While strings are not objects and may not have custom properties, they do have a prototype, accessible as via whcl[prototypes][String]. The protype can be used to invoke certain string functionality without a string instance, namely the concat method:

dec -const cc whcl[prototypes][String][concat]
decl x [cc "a=" $a ", b=" $b]

(In the meantime, concat is a builtin command which works the same way.)

The prototype includes, by default, the following methods, listed in alphabetical order...

apply-format

Usage: string apply-format ...args

Treats this string as if it is formatted using the Buffer appendf method rules and treats any arguments as values to apply those rules to. Returns a new, formatted string.

byte-at

Usage: integer byte-at integer byteIndex

Similar to char-at but returns the integer value of the byte at the given byte offset (not character offset), or undefined if out of range.

char-at

Usage: mixed char-at integer charIndex [asInteger=false]

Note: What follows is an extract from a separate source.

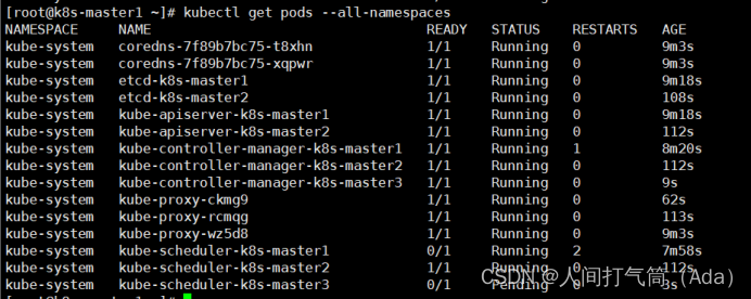 [root@k8s-master1 manifests]# kubectl get pods --all-namespaces

Returns the character at the given character position (not byte position), or undefined if out of range. If the boolean parameter is false (the default) then the result is a length-1 string, else it is the integer value (the Unicode code point). Note that this is an O(N) operation, not O(1), due to the UTF-8 character-counting required.

Note that strings support indexed access just like arrays, being functionally equivalent to char-at but being more efficient because it happens in the operator layer and doesn't require a function call.

compare

Usage: compare otherValue

Compares this value to another one using "memcmp semantics". If passed two values it compares those instead. Note that this does a type-loose comparison and will compare a number-like string as equivalent to a similar numeric value.

concat

Usage: concat value...

Returns a new string comprised of this string plus the stringified form of each argument. It performs no extra formatting such as spaces between the elements or a newline at the end.

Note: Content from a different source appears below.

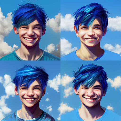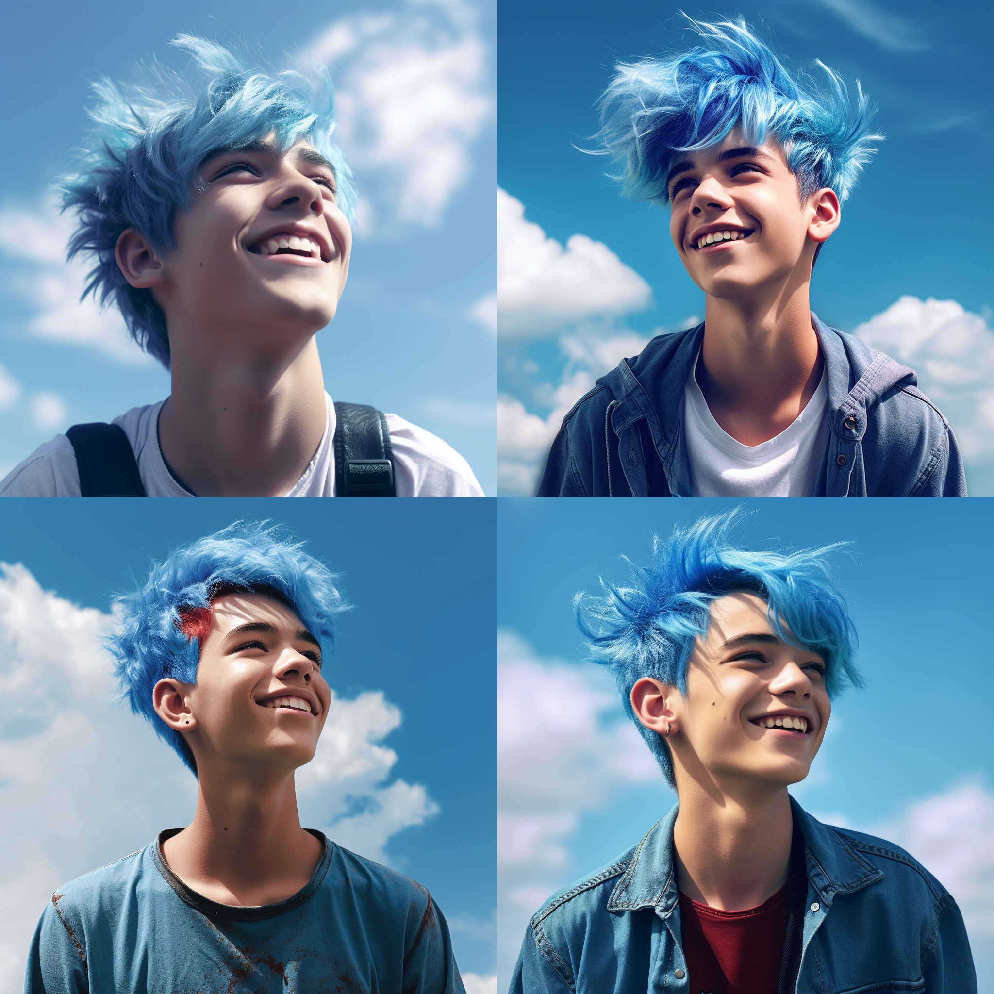 " Blue hair boy, 4k, teenage, highteen, smile, blue sky "

This function may be called with a non-string as its this, in which case it returns the concatenation of all of the arguments:

decl -const concat $whcl[String][concat]
echo [concat "ABC" "DEF"]

eval-contents

Usages:

eval-contents [pseudoFilename [varsObject]]
eval-contents [varsObject [pseudoFilename]]

Works identically to Buffer eval-contents.

glob-matches and matches-glob

The functions glob-matches and matches-glob perform the same function but have different argument semantics.

glob-matches has two distinct usages:

glob-matches [-like|-ilike|-glob|-iglob] haystack
If its this is a string then it returns true if the string argument matches the glob pattern defined by this.
glob-matches [-like|-ilike|-glob|-iglob] glob-pattern haystack
If its this is not a string then it returns true if the second argument matches the glob pattern specified by the first argument.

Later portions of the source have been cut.